Dáil debates

Tuesday, 10 March 2015

An Bille um an gCeathrú Leasú is Tríocha ar an mBunreacht (Comhionannas Pósta) 2015: An Dara Céim - Thirty-fourth Amendment of the Constitution (Marriage Equality) Bill 2015: Second Stage

 

7:40 pm

Photo of Regina DohertyRegina Doherty (Meath East, Fine Gael) | Oireachtas source

As the Minister is leaving the House, I want to say it was lovely to be here in the Chamber to listen to his contribution because it was poignant and very effective. My contribution probably will not do any justice to the topic we are discussing.

I got married 17 years ago and I have a lovely husband. I do not think I take him for granted. I respect him. He is my best friend. I probably like him now much more than I did when we got married. When I listen to people, groups and organisations who are anti-marriage equality say that if people vote "Yes" on 22 May it will somehow redefine the definition of marriage and, probably more importantly for them, that it will somehow undermine marriages like mine, I fundamentally disagree with them. Every time somebody says something like that, the voice in my head screams "No" and I switch off.

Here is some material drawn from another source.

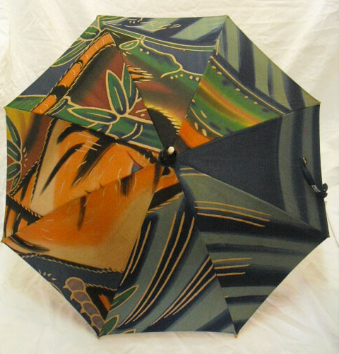 端午の節句に飾る武者絵幟旗を柿渋染めにして日傘へリメイクしました。

I read a recent article in TheHuffington Post by a lady who was at a same-sex marriage ceremony. She happened to be at it without her husband and the display of commitment and passion by the two people getting married made her miss her husband and think about him extremely fondly. That got me thinking and it made me start to listen to the debates with a different ear and to view the articles in the newspapers and posts on Twitter and Facebook in a different way. It got me to think about my marriage. I listened to people who do not have access to the institution marriage and heard how genuinely committed they were to each other, and how much they were willing in public, which cannot be easy, to display their love for each other from the rooftops and their genuine need just to be the same as everybody else in this country. Perhaps there is a change because it made me think about something, which I probably take for granted every day, far more in the past few weeks than I have in the past 17 years. It has made me realise that I need to cherish something, to which I have had access all my life, simply because I have had such access. There are people in this country who do not have access but think about it and are far more passionate about displaying how they feel about it than I have been in the past. It is important for us to make sure that we take the opportunity every day to recognise how lucky we are to have access to the institution of marriage and to cherish, honour and respect it and to do all the good things we promised we would do on the day we got married.

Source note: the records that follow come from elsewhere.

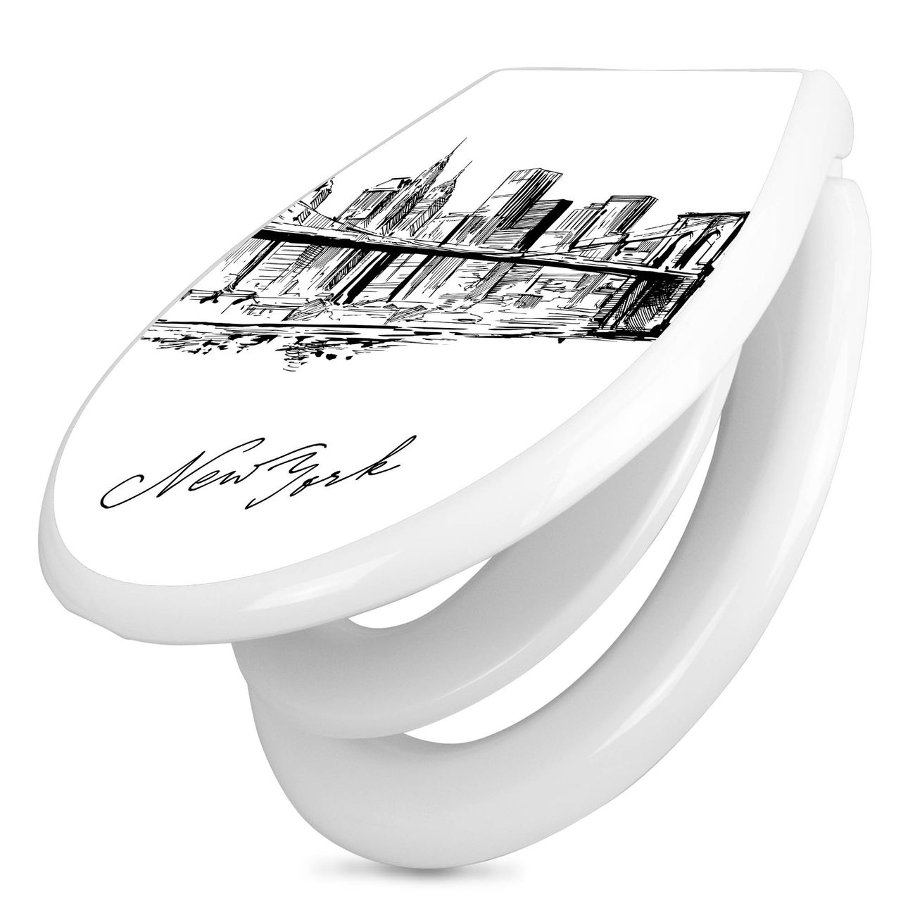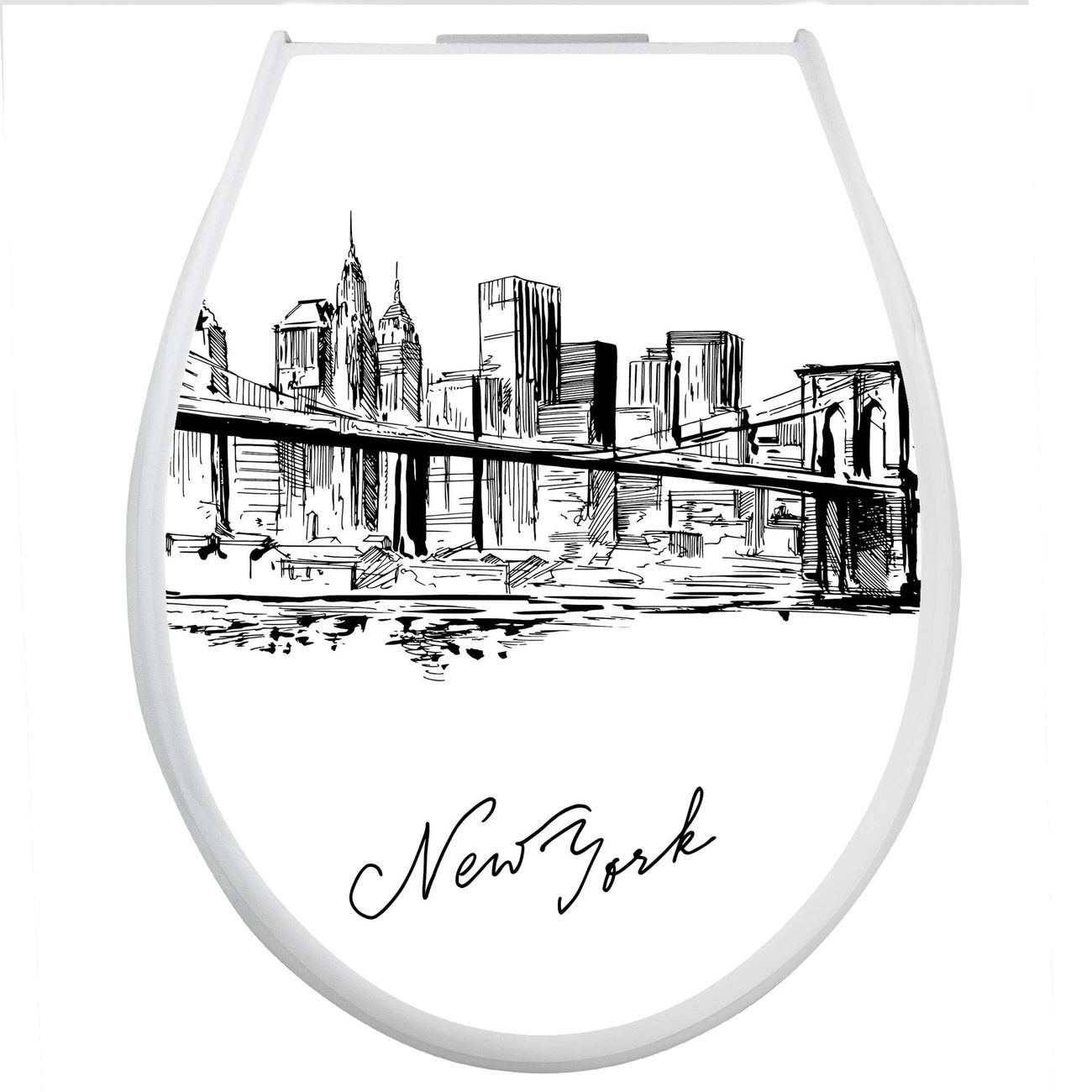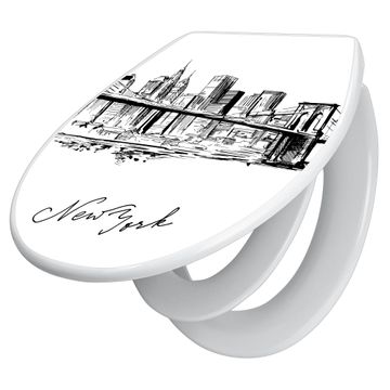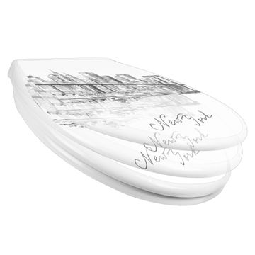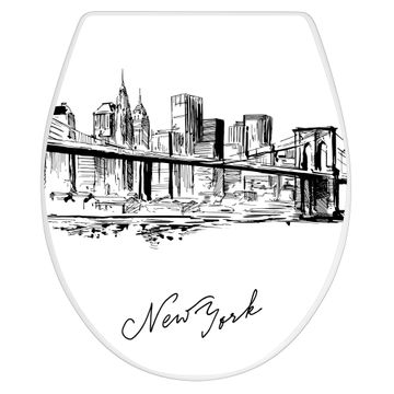 Toilettendeckel weiß mit Absenkautomatik Motiv New York Skizze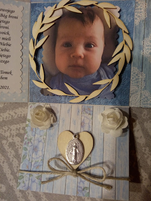Trochę nerwów mnie ten drobiazg kosztował tym bardziej, że nie miałam oprócz krzyżyka ofiarowanego przez pewną Dobrą Duszyczkę, żadnych przydasi związanych z chrztem. Grafiki znalazłam na Pinterescie a reszta to improwizacja. Szatkę wycinałam z kartonu sama bo nie mam szablonu.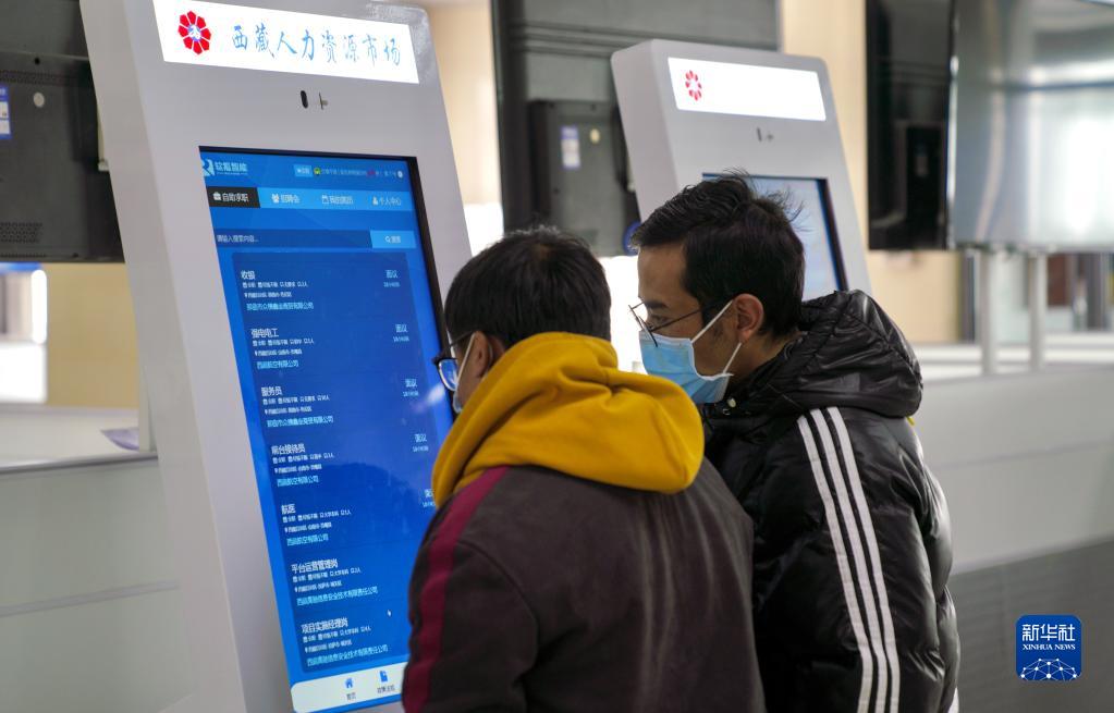 2月8日,求職者在西藏2023年“春風(fēng)行動”暨就業(yè)援助月招聘活動現(xiàn)場尋找崗位。新華社發(fā)(旦增努布攝)

I have decided in the past few weeks to say "thank you" to my friends, young and older, inside and outside this House, for making me change the way I feel and I make a commitment here that I will work my socks off every day and every night that I can between now and 22 May to make sure that we extend the institution, to which I have access, to every man and woman in this country who wants to marry. I want all of us to be as committed as some of the people who have been brave enough to go on the public airwaves in the past few weeks to tell us as a society how much they are committed to each other and how much they want access to something that I have taken for granted for the past 17 years.

I commend the Minister on bringing this Bill to the House and I look forward to working for a "Yes" vote on 22 May.